Solid-State Structure of Xanthine Determined by a Combination of 3D Electron Diffraction, Powder X-ray Diffraction, and DFT-D Calculations

In the crystalline state, xanthine plays a significant role in several biological systems. For example, pathological crystallization of xanthine causes renal stones in humans and bladder stones in cats and dogs, while xanthine crystals can also serve as functional optical materials, including their role as reflective mirrors in the eye-like organs of certain insects. To understand the role of crystalline xanthine in such biological processes and functions, knowledge of the crystal structure is essential. However, crystal structure determination has so far proved elusive, as xanthine is recalcitrant to the formation of crystals suitable for single-crystal XRD, and severe preferred orientation in powder samples of xanthine has prevented structure determination from powder XRD data. Here we report the crystal structure of xanthine based on the analysis of 3D electron diffraction (3D-ED) data recorded for microcrystals in a powder sample, in conjunction with periodic DFT-D calculations and the analysis of powder XRD data.

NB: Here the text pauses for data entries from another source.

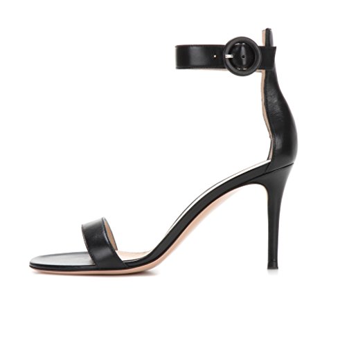 Elashe - Scarpe da Donna - Open Toe Classico Sandali - 8CM Tacco a Spillo Con Cinturino Caviglia Fibbia Nero-opaco EU35
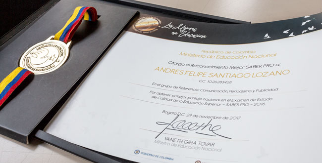 El tadeísta obtuvo el puntaje más alto en las Pruebas Saber Pro, en el área de Comunicación, Publicidad y Periodismo.
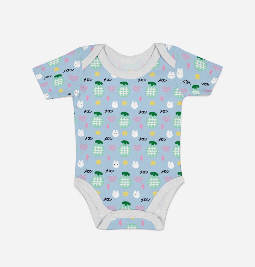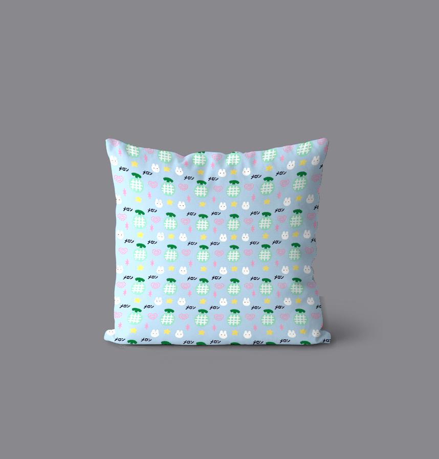 パターン説明 メロンとウサギ、星、ハートの形が描かれたパターンです
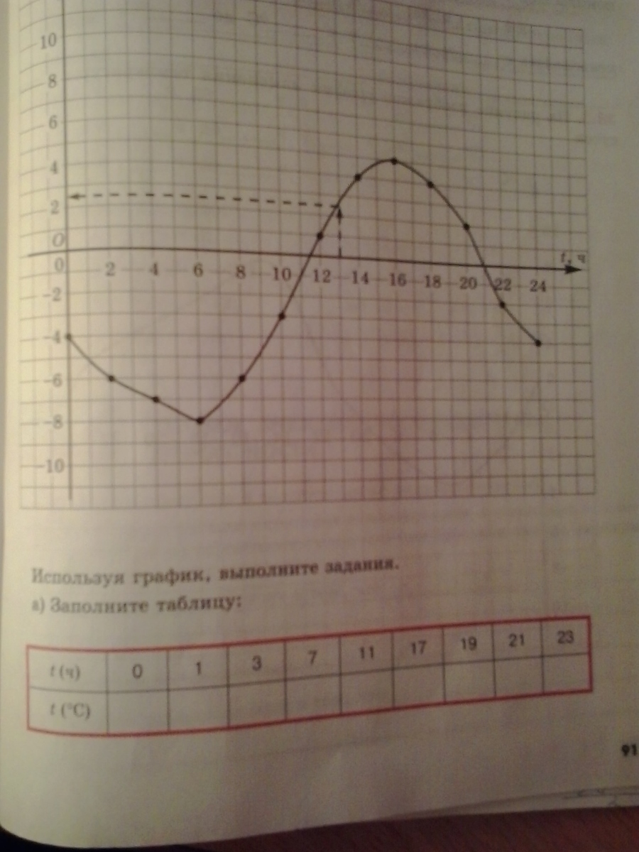 2 На следующем рисунке отмеченные точки соединины плавной линией. Полученная линия - это тоже график температуры.По этому графику можно приблизительно определить температуру для любого времени суток.например ,на рисунке показано, как определить температуру в 13 часов : +2,5 градусов Цельсия.
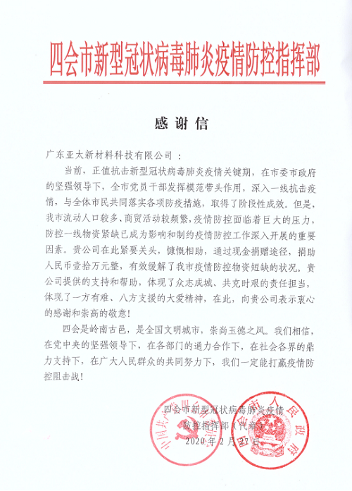 广东亚太公司捐款10万元支助四会市 中医院抗击新冠肺炎疫情阅读次数:905 | 发布日期:2020/2/27 | 作者: | 来源:
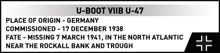Découvrez le modèle soigneusement conçu de l’U-47 type VIIB, l’un des sous-marins les plus connus de la Seconde Guerre mondiale. Le kit à l’échelle 1:300 restitue fidèlement la silhouette, les proportions et les détails caractéristiques, y compris le kiosque avec le symbole du Taureau de Scapa Flow. Grâce à ses dimensions compactes, il s’intègre parfaitement dans une vitrine, sur un bureau ou dans une collection de modèles navals.

In common with certain other purines, the crystal structure of xanthine is a layered structure containing planar hydrogen-bonded sheets in which all hydrogen-bond donor and acceptor groups are engaged in intermolecular hydrogen bonds. Considering the tautomeric form of xanthine in the crystal structure, analysis of the 3D-ED data supports the presence of the N7H tautomer (the tautomer of lowest energy for an isolated xanthine molecule). However, the corresponding crystal structure containing the N9H tautomer is essentially isostructural, as it differs from the structure containing the N7H tautomer only in the position of the H atom within each intermolecular N–H···N hydrogen bond in the structure. Interestingly, the difference in energy (per molecule of xanthine) between the crystal structures containing the N7H and N9H tautomers is significantly lower than the difference in energy of an isolated xanthine molecule in the N7H and N9H tautomers.

While crystalline xanthine plays a significant role in several biological systems, determination of the crystal structure of xanthine has hitherto proved elusive. This paper reports the crystal structure determination of xanthine, based on the analysis of 3D electron diffraction data in conjunction with periodic DFT-D calculations and analysis of powder X-ray diffraction data.